Background: In patients with locally advanced adenocarcinoma of the oesophagogastric junction (AEG), early metabolic response defined by 18-fluorodeoxyglucose-PET ([(18)F]FDG-PET) during neoadjuvant chemotherapy is predictive of histopathological response and survival. We aimed to assess the feasibility of a PET-response-guided treatment algorithm and its potential effect on prognosis.

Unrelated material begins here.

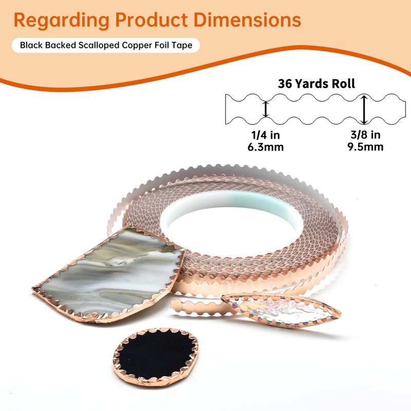 Black Backed Double Edged Scalloped Copper Foil for Stained Glass Project, DIY Crafting (1/4 Double Scalloped)
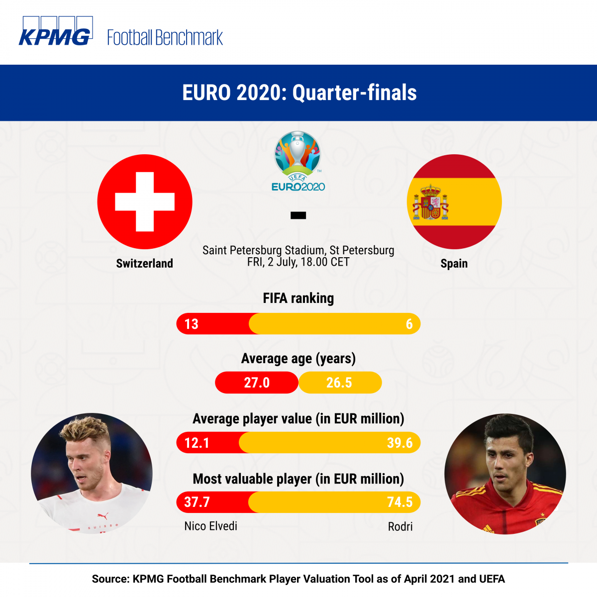 Средняя стоимость испанцев втрое выше, чем швейцарцев, – €39,6 млн против €12,1 млн. Самый дорогостоящий игрок сборной Испании – Родри, которого

Methods: Between May 27, 2002, and Aug 4, 2005, 119 patients with locally advanced adenocarcinoma of AEG type 1 (distal oesophageal adenocarcinoma) or type 2 (gastric cardia adenocarcinoma) were recruited into this prospective, single-centre study. All patients were assigned to 2 weeks of platinum and fluorouracil-based induction chemotherapy (evaluation period). Those with decreases in tumour glucose standard uptake values (SUVs), predefined as decreases of 35% or more at the end of the evaluation period and measured by PET, were defined as metabolic responders. Responders continued to receive neoadjuvant chemotherapy of folinic acid and fluorouracil plus cisplatin, or folinic acid and fluorouracil plus cisplatin and paclitaxel, or folinic acid and fluorouracil plus oxaliplatin for 12 weeks and then proceeded to surgery. Metabolic non-responders discontinued chemotherapy after the 2-week evaluation period and proceeded to surgery. The primary endpoint was median overall survival of metabolic responders and non-responders. Secondary endpoints were median event-free survival, postoperative complications and mortality, number of residual tumour-free (R0) resections, and histopathological responses. This study has been registered in the European Clinical Trials Database (EudraCT) as trial 2007-003356-11.

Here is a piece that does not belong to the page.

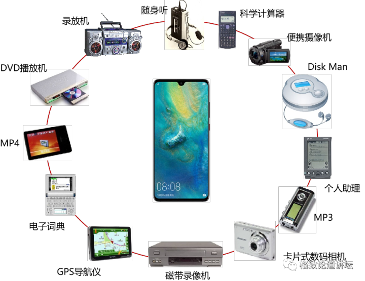 过去40年里,我们有太多的东西逐渐消失了。曾经人人都有科学计算器 ,今天已经没有人在用了。我们曾经骗家长说学英文、其实是听音乐的随身听 ,现在也已经消失了。我们曾经用便携式摄像机 给孩子录像,记录他们的成长过程,现在也逐渐淡出人们的视线。还有个人助理、MP3、卡片式照相机、磁带录像机、GPS导航仪以及电子词典 等等,这些东西都消失了。它们都进了手机,而手机的体积并没有发生根本性的变化。因为芯片太强大了,而且越来越强大。每过18个月,它的容量就翻一番,功能也就越来越强大。因此,我们总结了一句话:芯片能够参与竞争的任何技术,最终都不可避免地成为失败者。 如果发现某项技术已经被芯片做了,我们千万不要再去做,因为它最终会被芯片战胜,它一定成为失败者。

Findings: 110 patients were evaluable for metabolic responses. 54 of these patients had metabolic responses (ie, decrease of 35% or more in tumour glucose SUV) after 2 weeks of induction chemotherapy, corresponding to a response of 49% (95% CI 39-59). 104 patients had tumour resection (50 in the responder group and 54 in the non-responder group). After a median follow-up of 2.3 years (IQR 1.7-3.0), median overall survival was not reached in metabolic responders, whereas median overall survival was 25.8 months (19.4-32.2) in non-responders (HR 2.13 [1.14-3.99, p=0.015). Median event-free survival was 29.7 months (95% CI 23.6-35.7) in metabolic responders and 14.1 months (7.5-20.6) in non-responders (hazard ratio [HR] 2.18 [1.32-3.62], p=0.002). Major histological remissions (<10% residual tumour) were noted in 29 of 50 metabolic responders (58% [95% CI 48-67]), but no histological response was noted in metabolic non-responders.
Interpretation: This study confirmed prospectively the usefulness of early metabolic response evaluation, and shows the feasibility of a PET-guided treatment algorithm. These findings might enable tailoring of multimodal treatment in accordance with individual tumour biology in future randomised trials.